● **What is expected**
Using the records below, write out only the lines from the line containing "2.白のサイコロ5つすべてを" up to and including the line containing "Silhueta azul de", exactly, with no pictures.

● **Available data**
********

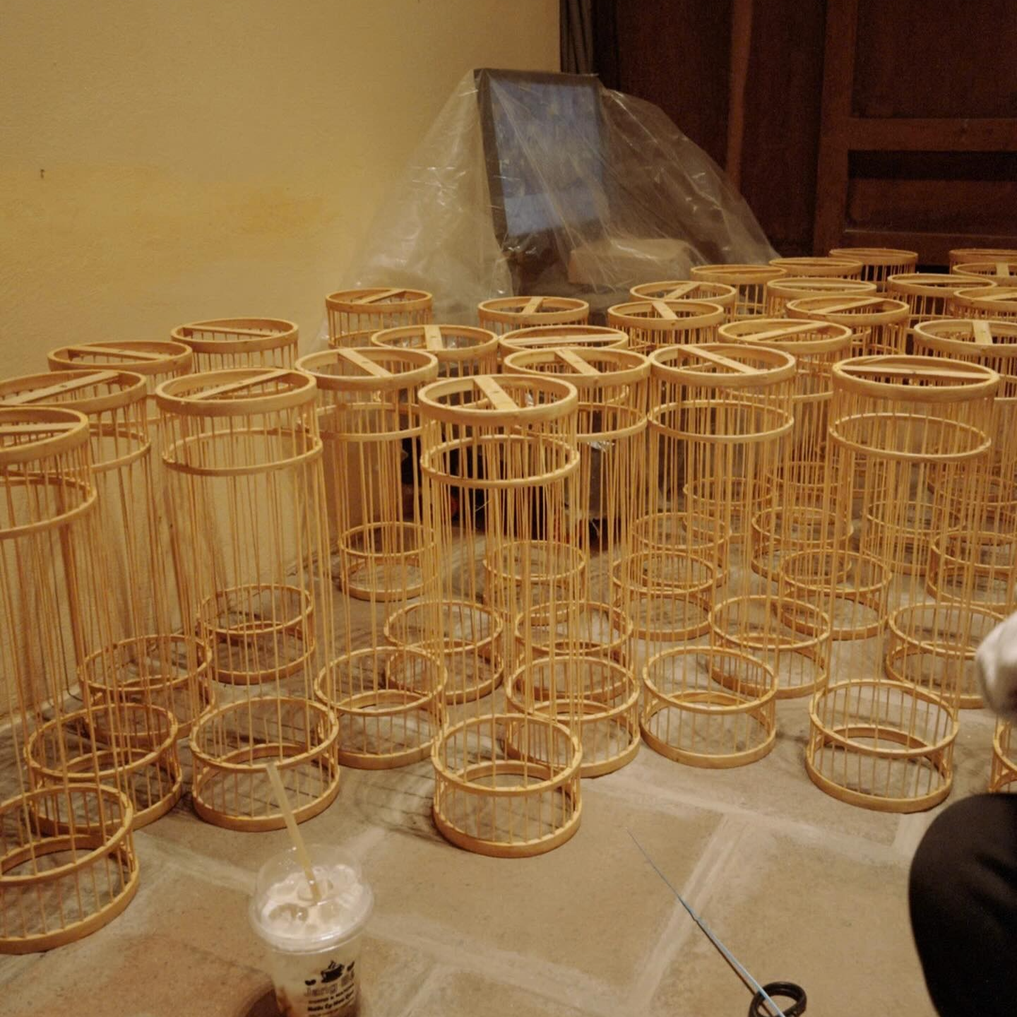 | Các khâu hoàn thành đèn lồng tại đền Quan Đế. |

********

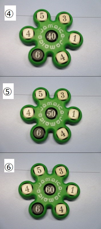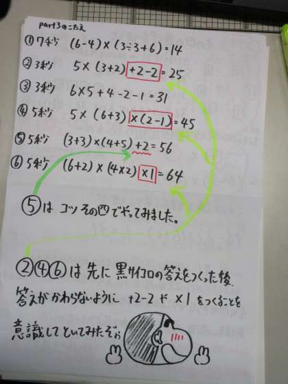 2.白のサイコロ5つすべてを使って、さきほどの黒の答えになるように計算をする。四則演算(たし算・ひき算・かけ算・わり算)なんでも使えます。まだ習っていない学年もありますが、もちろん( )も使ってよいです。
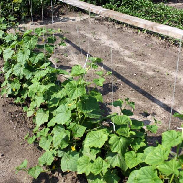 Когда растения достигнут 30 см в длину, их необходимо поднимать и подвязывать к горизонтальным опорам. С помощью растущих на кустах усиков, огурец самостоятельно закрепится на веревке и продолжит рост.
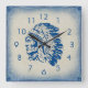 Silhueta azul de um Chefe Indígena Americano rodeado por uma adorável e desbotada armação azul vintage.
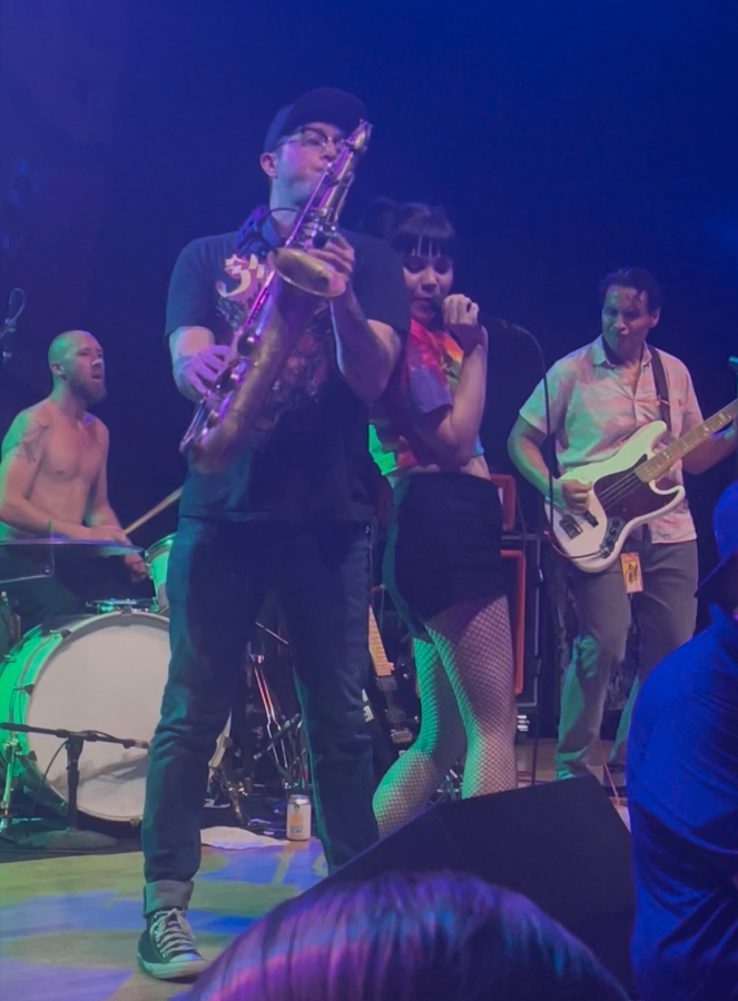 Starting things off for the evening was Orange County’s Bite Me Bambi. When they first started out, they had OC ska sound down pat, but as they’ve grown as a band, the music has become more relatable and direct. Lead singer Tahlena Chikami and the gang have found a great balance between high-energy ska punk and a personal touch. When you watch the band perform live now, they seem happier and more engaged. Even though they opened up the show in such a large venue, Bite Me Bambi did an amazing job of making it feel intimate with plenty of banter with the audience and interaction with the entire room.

********

● **Your solution**
 2.白のサイコロ5つすべてを使って、さきほどの黒の答えになるように計算をする。四則演算(たし算・ひき算・かけ算・わり算)なんでも使えます。まだ習っていない学年もありますが、もちろん( )も使ってよいです。
 Когда растения достигнут 30 см в длину, их необходимо поднимать и подвязывать к горизонтальным опорам. С помощью растущих на кустах усиков, огурец самостоятельно закрепится на веревке и продолжит рост.
 Silhueta azul de um Chefe Indígena Americano rodeado por uma adorável e desbotada armação azul vintage.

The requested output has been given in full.